Wyng incident

Intermittent performance issues and errors due to Amazon Web Services service disruption

Wyng experienced a minor incident on November 25, 2020 affecting Login and Salesforce Marketing Cloud Integration and 1 more component, lasting 22h 24m. The incident has been resolved; the full update timeline is below.

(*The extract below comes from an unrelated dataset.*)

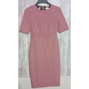 Ted Baker Maggid Ruffle Waist Pencil Dress Pink Coral Classic Full Zip Size 2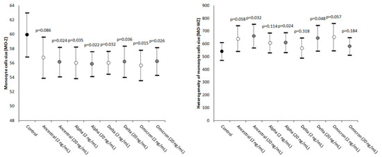 The values of MO-WZ, reflecting the heterogeneity of the monocyte volumes, were found to be increased in all samples, achieving statistical significance in those where the SARS-CoV-2 recombinant spike proteins of the Ancestral, Alpha, and Delta variants were added at the higher 20 ng/mL final concentration (Figure 3).

Started: Nov 25, 2020, 03:37 PM UTC
Resolved: Nov 26, 2020, 02:02 PM UTC
Duration: 22h 24m
Detected by Pingoru: Nov 25, 2020, 03:37 PM UTC

Affected components

LoginSalesforce Marketing Cloud IntegrationExperiencesMetricsMailChimp IntegrationExperience ManagementInstagram Content StreamOracle Responsys IntegrationWebhook IntegrationContent Management

Update timeline

identified Nov 25, 2020, 03:37 PM UTC

AWS is reporting a disruption of some services in the US-East-1 region. As a result, Wyng customers may experience performance issues or intermittent errors when accessing experiences, submitting forms, or accessing the management dashboard. Content streams may also be impacted.
identified Nov 25, 2020, 04:07 PM UTC

Management dashboard features are working normally.
identified Nov 25, 2020, 06:20 PM UTC

Amazon Web Services is continuing to work towards resolution of the service disruption impacting Wyng and other AWS customers in the US-EAST-1 region. We are re-posting their most recent update here: [09:32 AM PST] The Kinesis Data Streams API is currently impaired in the US-EAST-1 Region. As a result customers are not able to write or read data published to Kinesis streams. CloudWatch metrics and events are also affected, with elevated PutMetricData API error rates and some delayed metrics. While EC2 instances and connectivity remain healthy, some instances are experiencing delayed instance health metrics, but remain in a healthy state. AutoScaling is also experiencing delays in scaling times due to CloudWatch metric delays. The issue is also affecting other services, including ACM, Amplify Console, API Gateway, AppMesh, AppStream2, AppSync, Athena, Batch, CloudFormation, CloudTrail, Cognito, Connect, DynamoDB, EventBridge, Glue, IoT Services, Lambda, LEX, Managed Blockchain, Marketplace, Personalize, RDS, Resource Groups, SageMaker, Support Console, Well Architected, and Workspaces. For further details on each of these services, please see the Personal Health Dashboard. Other services, like S3, remain unaffected by this event. This issue has also affected our ability to post updates to the Service Health Dashboard. We are continuing to work towards resolution.
identified Nov 26, 2020, 01:05 AM UTC

Amazon Web Services team has identified the root cause continues to work toward full recovery of the core service failure that is impacting Wyng services. We are actively monitoring, and seeing progress towards recovery. Platform login and dashboards are operating normally, but experiences continue to see sporadic failures, including delays or problems submitting forms. We are including for reference the most recent update from https://status.aws.amazon.com/. 4:42 PM PST: We continue to work towards full recovery of the issue affecting the Kinesis Data Streams API in the US-EAST-1 Region, and are observing steady signs of recovery. We will be throttling APIs as we work on recovery. Impact to Cognito User & Identity Pools was resolved at 2:28 PM PST. Other AWS Services that rely on Kinesis Data Stream APIs have begun observing recovery, and will continue to as we work toward full resolution. We are actively working toward full recovery for all affected services, and will provide updates as we have new information to share. [...]
monitoring Nov 26, 2020, 02:32 AM UTC

We are continuing to see progress toward recovery, and actively monitoring.
monitoring Nov 26, 2020, 06:18 AM UTC

At this time, all Wyng systems are operational. Over the next few hours, a small number of users may experience slower response times; if this occurs, the issue should be temporary, and resolve on its own. Amazon Web Services continues to work to fully restore underlying services, and indicates all systems will be fully restored over the next few hours. We are including for reference the most recent update from https://status.aws.amazon.com/:
resolved Nov 26, 2020, 02:02 PM UTC

All Wyng systems are back to normal operations. The underlying root cause, a failure in AWS Kinesis sub-system, and failures in many dependent AWS sub-systems, has been resolved, and AWS indicates that the issue will not recur due to the actions taken.